In Atlanta, the Dream has new owners after former player Renee Montgomery was part of a three-member investor group that was approved to purchase the team. The ownership change followed pressure on former Sen. Kelly Loeffler, a Republican who angered WNBA players with her opposition to the league’s racial justice initiatives, to sell her share of the Dream.

Williams was among a group of WNBA players who campaigned for Democrat Raphael Warnock after Loeffler criticized the league’s support for the Black Lives Matter movement.

Elsewhere in the WNBA, another former Hampton Roads star begins her coaching career.

Sugar Rodgers, who starred for King’s Fork High in Suffolk and Georgetown, was hired last week as a Las Vegas Aces assistant coach on Bill Laimbeer’s staff. Rodgers played eight seasons in the WNBA and was part of an Aces team that reached last season’s WNBA Finals.
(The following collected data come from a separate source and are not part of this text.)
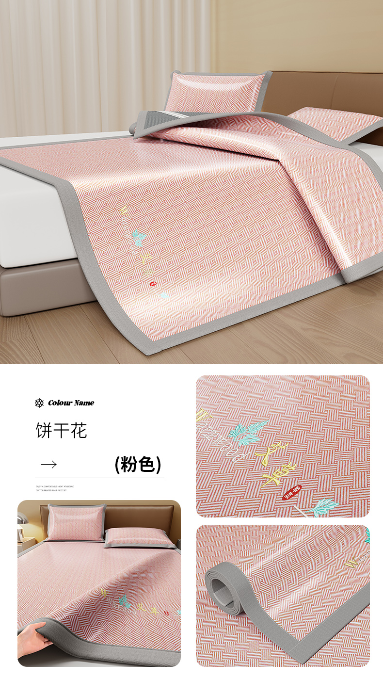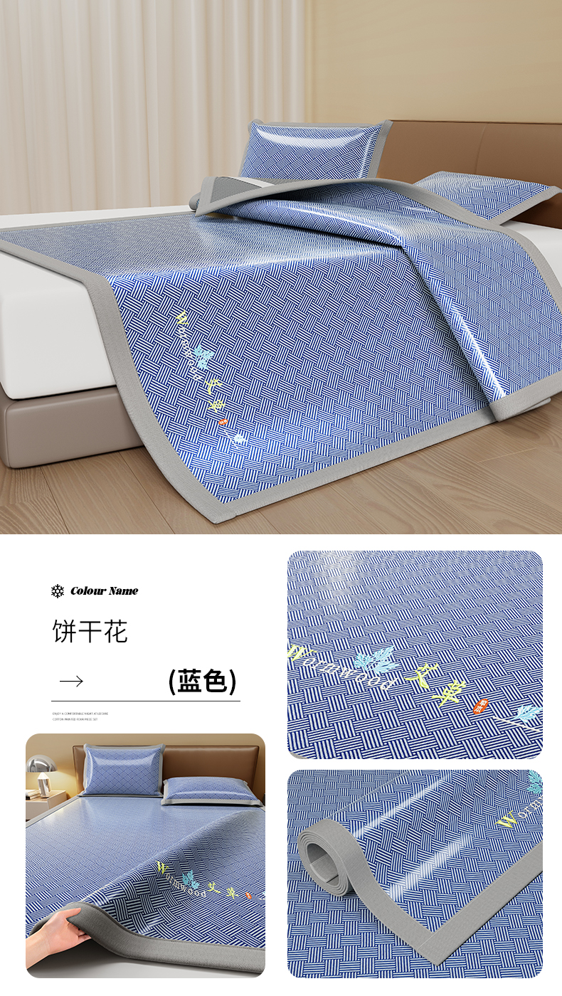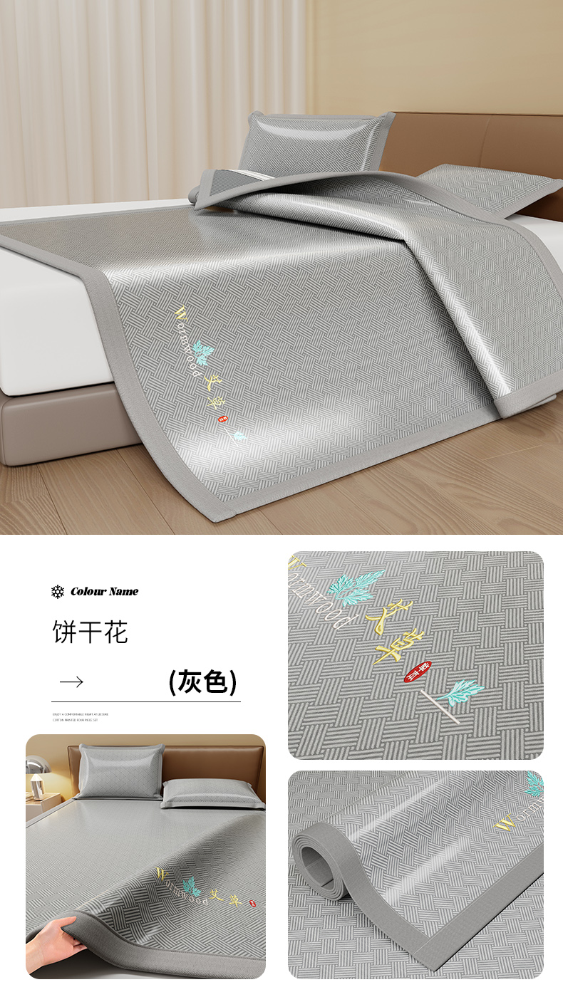 (总)品乐家纺 2026新款夏日凉感高密冰丝软凉席席子,饼干花粉色,饼干花咖色,饼干花蓝色,饼干花绿色,千鸟格灰色,千鸟格蓝色,清新小花灰色,饼干花灰色,清新小花蓝色,遇见冰薄灰色,遇见冰薄蓝色
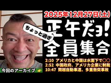 20251227_正午(ちょっと過ぎ)だョ!全員集合[20251227]《アメリカと中国は水面下で○○・中国政府、アメリカ企業に制裁・関越自動車道、多重衝突事故》
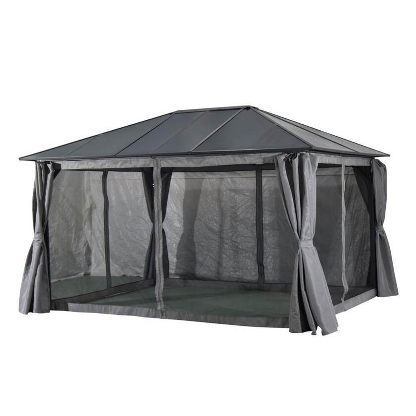 Paviljong Scopello, 3000x4000 mm, komplett med takplattor av polykarbonat, väggar och myggnät, grå
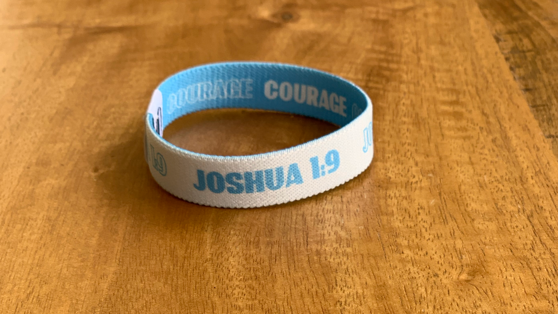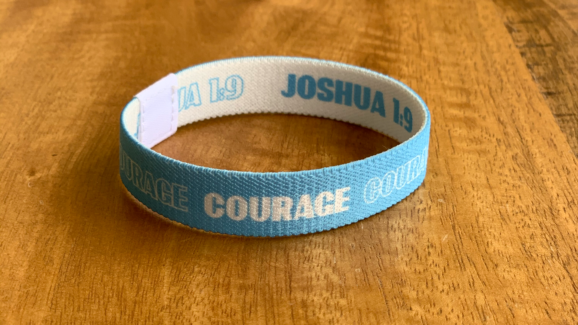 This reversible bracelet has a paled turquoise side with the text "Courage", and a side that is white with the text "Joshua 1:9".
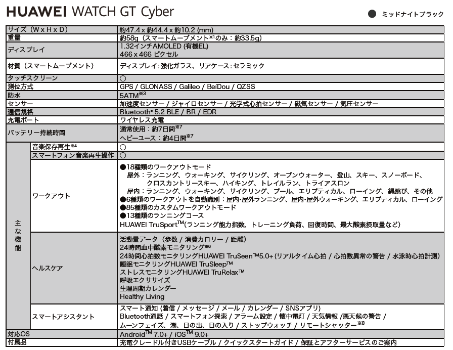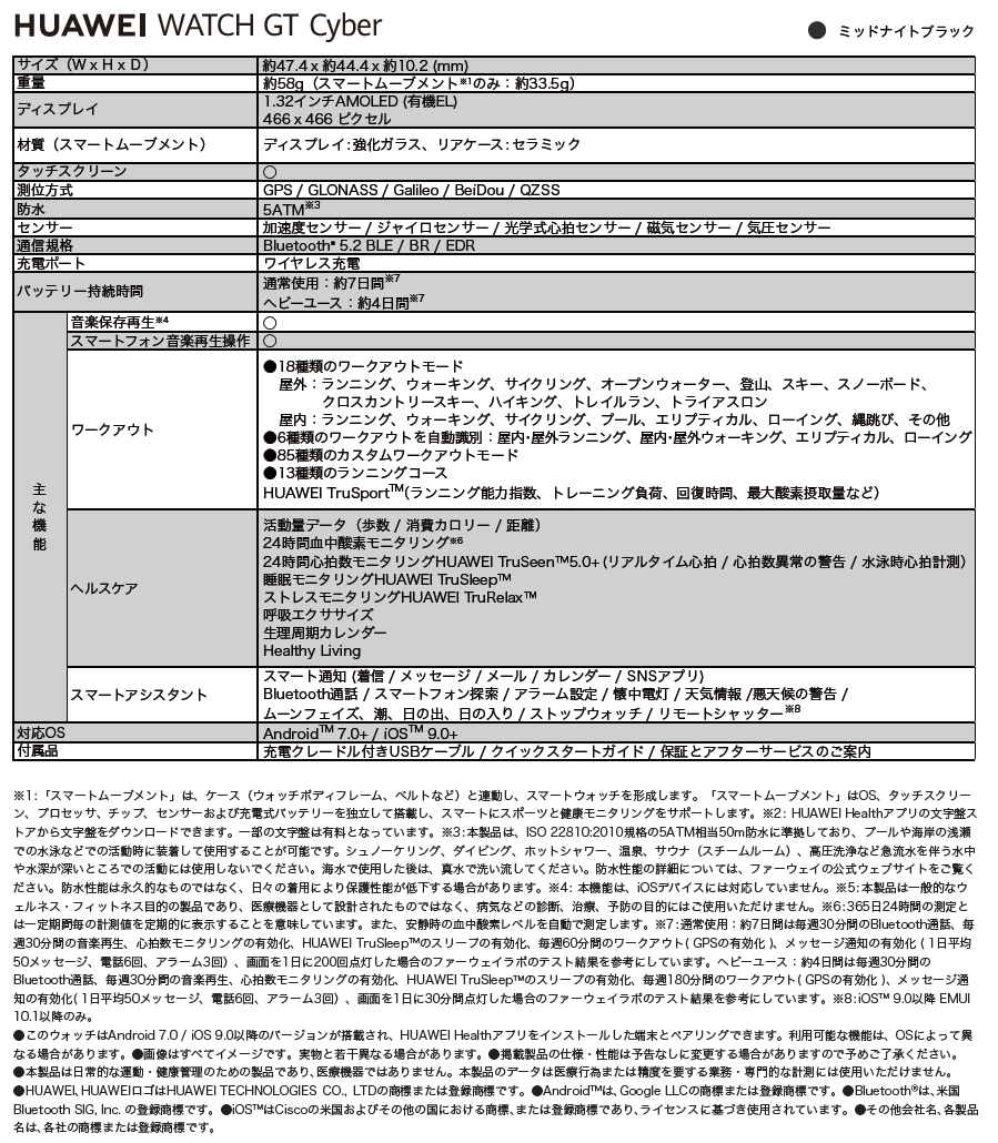 『HUAWEI WATCH GT Cyber』の主な仕様
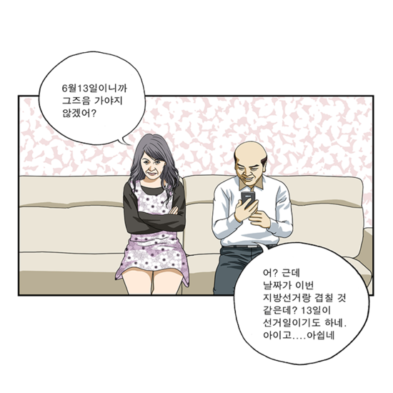 무슨소리야~ 지방선거는 우리 ㄹ동네 살림이 걸린 일이잖아. 우리 애랑 여보를 위해서 꼭 투표를 해야지..…
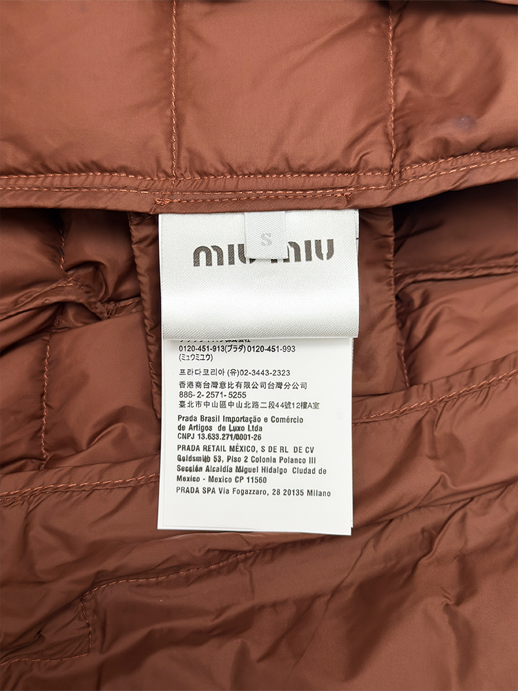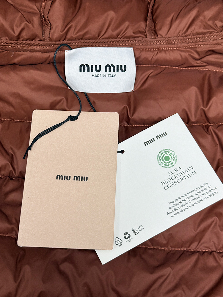 这款衣服是AAAAA 1:1 质量 (非常棒). 使用了和原版一模一样的材料. 商标部分也保持了和缪缪/Miu Miu一样. 图片拍摄是实物衣服拍摄, 您所收到的实物保证和我们图片一模一样.
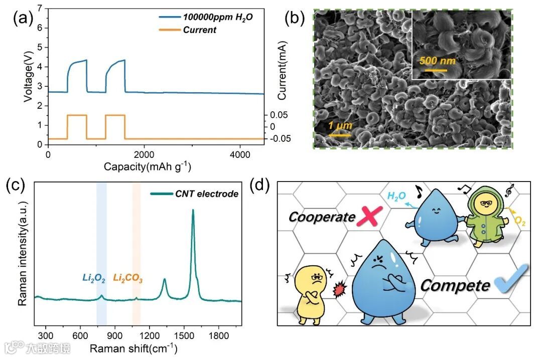 通过间歇式放电-静置测试发现,放电初期产物主要受水主导。当体系中水逐渐耗尽后,产物形貌恢复为典型的环状结构(图7b-c)。这表明水较氧具有更高的反应优先性。Raman光谱(图7d-e)检测到含水体系产物中存在Li2CO3信号,归因于水促进电解液的部分降解。基于以上实验结果,提出水和氧在反应中存在竞争关系(图7f):初期水主导溶剂化重构并触发Li2O2成核,中期水-氧协同促进产物生长,后期氧主导晶体完善生长。该过程完整刻画了水从钝化因子向电化学参与者的转变路径。
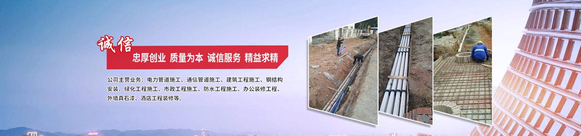 公司主營業(yè)務:電力管道施工、通信管道施工、建筑工程施工、鋼結(jié)構(gòu)安裝、綠化工程施工、市政工程施工、防水工程施工、辦公裝修工程、外墻真石漆、酒店工程裝修等。
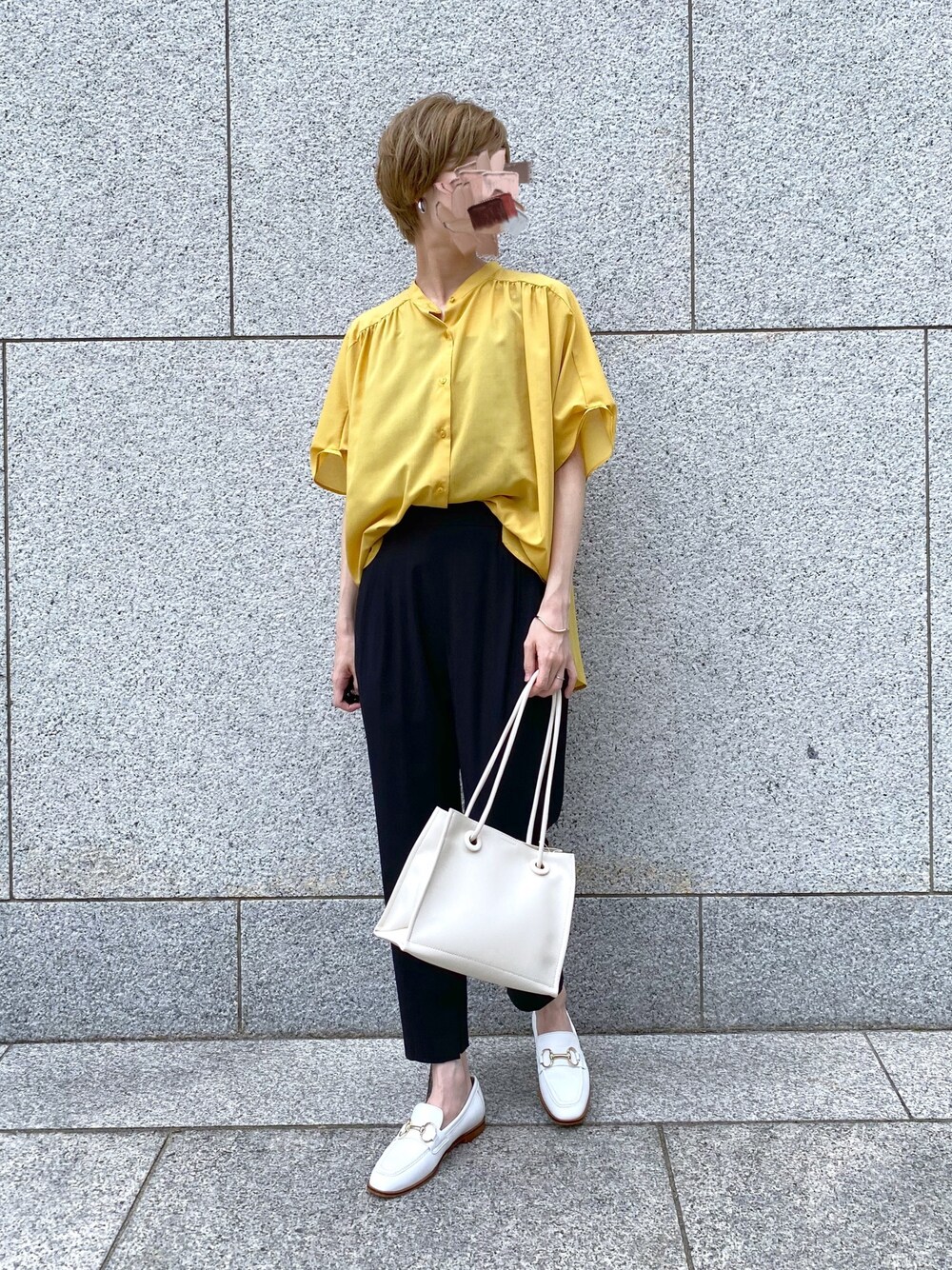おはようございます☀ 春夏らしいイエローのトップスをポイントに💛 ギャザーのデザインが可愛い🥺

“I’m excited to get started on the next part of my career, and I can’t think of a better place to do it than Las Vegas,” Rodgers said on the Aces’ website. “I’m obviously very familiar with Bill’s system as well as with many of the players on the team , and I’m grateful for the opportunity to be a part of what has been, and will continue to be, the best franchise in the WNBA.”

In 2019, Rodgers averaged 3.4 points, 1.3 rebounds and 1.4 assists while playing in all 22 games.